I will try to explain the 2 functions now.

% ------------------------------ findPos

findPos : does NOT lose heap memory
   parameter 1: a integer, known at time of call
             2: a list of nodes as follows (  [n(1,2), n(3,4)...n(5,2) ] ) also
                known at time of call.
             3: the second value of the node having a first value of Pos, note
                only one node will match Pos. (i.e. first value of a node in 
		the list is unique).

Ex:  findPos( 3, [ n(1,2), n(4,3), n(3,6), n(12,5)], X )
     will return X = 6.  		      (2nd clause)
     if no node matches, the call will fail.  (1st clause)

findPos(_, [], 0) :-
   fail.
findPos(Pos, [n(Pos,Cnt)|Rest], Cnt) :-
   !.
findPos(Pos, [n(Pos2,Cnt2)|Rest], Cnt) :-
   findPos(Pos, Rest, Cnt).


% ------------------------- delnode

ndel : LOSES heap memory on every call

   parameter 1: a integer, known at time of call
             2: a list of nodes as follows (  [n(1,2), n(3,4)...n(5,2) ] ) also
                known at time of call.
             3: a list which is the the result of removing the node having Pos
		as the first value.

Note: the list is guaranteed to contain a node (exactly one) that should 
      be removed.

Ex:  ndel( 3, [ n(1,2), n(4,3), n(3,6), n(12,5)], X )
     will return X = [ (n(1,2), n(4,3), n(12,5)].
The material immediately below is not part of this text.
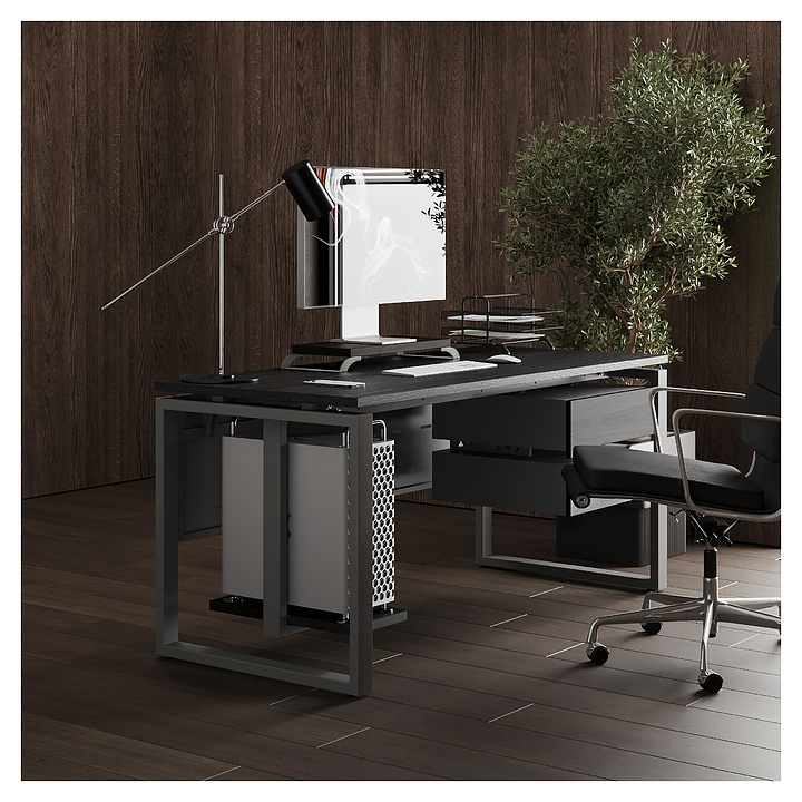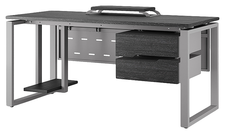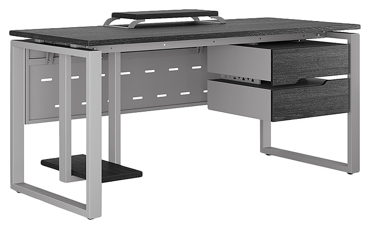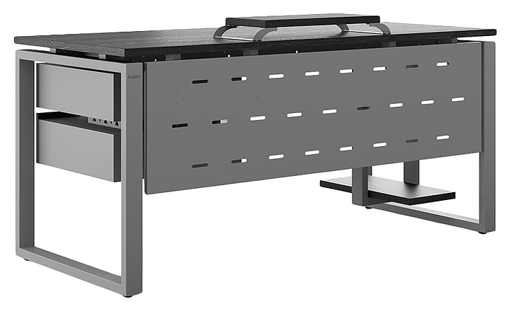 Офисный стол Кобор O1-140/60 aluminum/glazed используется в офисных помещениях и кабинетах руководителей. Модель оснащена O-образными опорами. Каркас выполнен из металла, выкрашенного в цвет алюминиевый металлик (RAL9006), столешница – из ламинированной древесно-стружечной плиты (ЛДСП) цвета черный дуб (H3178 ST37). Опции (заказываются отдельно):
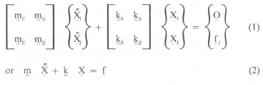 The vibration of a continuous substructure, that is one with an infinite number of degrees of freedom, can be approximated by a set of motion equations valid at a finite number of points in the structure. The structure is therefore in effect discretised to a finite number of lumped masses (m) and stiffnesses (k). The equations of motion at these finite number of node points for a substructure can be written in matrix form as follows (neglecting damping):

ndel(Posn, [n(Posn, _)|Tail], Tail ) :-
   !.
ndel(Posn, [Node|Tail], [Node|NewList] ) :-
   ndel(Posn, Tail, NewList ).

Since, both functions use tail-recursion and cuts at appropriate places, I
do not understand why one function LOSES heap storage and the other doesn't.
Does anybody know what conditions cause a function to waste heap storage??

Please reply through e-mail.

Thanks,

Ron Castelletto
rcastelletto@lion.waterloo.edu